The plasmid-mediated AmpC-producing strains was only 2.6% (12 of 464 isolates) in 2005, but the proportion of plasmid-mediated AmpC-producing strains significantly increased (p<0.001) to 9.3% (62 of 667 isolates) in 2006.
The distribution of genotypes in plasmid-mediated AmpC β-lactamase isolates
Among the 74 plasmid-mediated AmpC-producing strains, the DHA-1 β-lactamase was harbored by 69 (93.2%) of the isolates. One hundred percent (64/64) of K. pneumonia and 50% (5/10) of E. coli plasmid-mediated AmpC-producing strains were with DHA-1. Strains of blaCMY-2 were detected in five isolates (6.8%), which were all from E. coli. Four strains of blaCMY-2 were isolated from Chongqing in a different year. Eighteen of the 74 AmpC-producing K. pneumoniae and E. coli isolates (24.3%) co-carried with ESBL genes. In addition, TEM, SHV, CTX-M-9, and CTX-M-1 were found in 12, three, five, and one isolates of that AmpC-producing K. pneumoniae, respectively. The DHA-1(+) plus TEM(+) strain was the most predominant (accounting for 33.3% (6/18) of co-carrying strains), with the next common being the DHA-1(+) plus TEM(+) and CTX-M-9(+) strain (22.2%, 4/18). Only three plasmid-mediated AmpC-producing strains coproduced ESBL enzymes in E. coli, and all of them were co-carried with CTX-M and TEM.
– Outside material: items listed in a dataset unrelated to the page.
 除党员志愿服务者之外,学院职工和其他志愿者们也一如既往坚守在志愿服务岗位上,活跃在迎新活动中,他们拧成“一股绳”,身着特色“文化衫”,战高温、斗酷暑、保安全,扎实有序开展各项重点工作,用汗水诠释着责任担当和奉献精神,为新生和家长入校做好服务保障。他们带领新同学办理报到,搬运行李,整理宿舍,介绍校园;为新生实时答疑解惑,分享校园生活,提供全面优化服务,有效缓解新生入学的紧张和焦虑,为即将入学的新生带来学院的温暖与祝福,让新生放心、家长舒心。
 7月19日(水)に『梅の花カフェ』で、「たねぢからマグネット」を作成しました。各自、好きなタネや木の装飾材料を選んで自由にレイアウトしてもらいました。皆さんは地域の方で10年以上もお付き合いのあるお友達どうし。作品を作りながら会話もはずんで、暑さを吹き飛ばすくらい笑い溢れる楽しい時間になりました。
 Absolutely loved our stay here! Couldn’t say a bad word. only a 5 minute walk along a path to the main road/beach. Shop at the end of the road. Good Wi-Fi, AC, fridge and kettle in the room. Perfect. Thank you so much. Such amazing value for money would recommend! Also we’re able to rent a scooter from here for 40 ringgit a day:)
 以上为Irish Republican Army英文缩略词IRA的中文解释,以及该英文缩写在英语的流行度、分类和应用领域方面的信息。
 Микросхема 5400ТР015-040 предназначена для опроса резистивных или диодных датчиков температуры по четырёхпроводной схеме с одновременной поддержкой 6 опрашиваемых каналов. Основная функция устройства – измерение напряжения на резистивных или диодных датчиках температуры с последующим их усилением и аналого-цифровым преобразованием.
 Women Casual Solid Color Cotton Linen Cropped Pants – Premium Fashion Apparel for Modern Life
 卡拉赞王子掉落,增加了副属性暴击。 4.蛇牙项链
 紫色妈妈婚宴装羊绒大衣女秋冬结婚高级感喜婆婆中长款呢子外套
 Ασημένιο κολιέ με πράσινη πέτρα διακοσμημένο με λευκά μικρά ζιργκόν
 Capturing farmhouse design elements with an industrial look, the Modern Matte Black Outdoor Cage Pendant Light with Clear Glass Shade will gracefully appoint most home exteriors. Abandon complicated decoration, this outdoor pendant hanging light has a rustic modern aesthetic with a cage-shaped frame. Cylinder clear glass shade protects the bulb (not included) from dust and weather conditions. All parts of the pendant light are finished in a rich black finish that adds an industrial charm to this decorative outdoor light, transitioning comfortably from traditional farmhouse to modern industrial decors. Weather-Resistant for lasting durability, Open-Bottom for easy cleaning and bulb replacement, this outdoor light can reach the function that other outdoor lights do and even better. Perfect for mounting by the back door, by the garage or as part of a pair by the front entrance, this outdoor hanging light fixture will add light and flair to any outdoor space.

The sequences of blaDHA-1 genes were all identical to those of blaDHA-1 from the GenBank. The sequences of blaCMY-2 in the four strains were all identical to those from the GenBank, and one strain differed from blaCMY-2 in the GenBank by a G-to-A change at position 262 of the structural gene, leading to an amino acid (Gly to Ser) substitution, which had been submitted to the GenBank (GenBank accession no. EU162133).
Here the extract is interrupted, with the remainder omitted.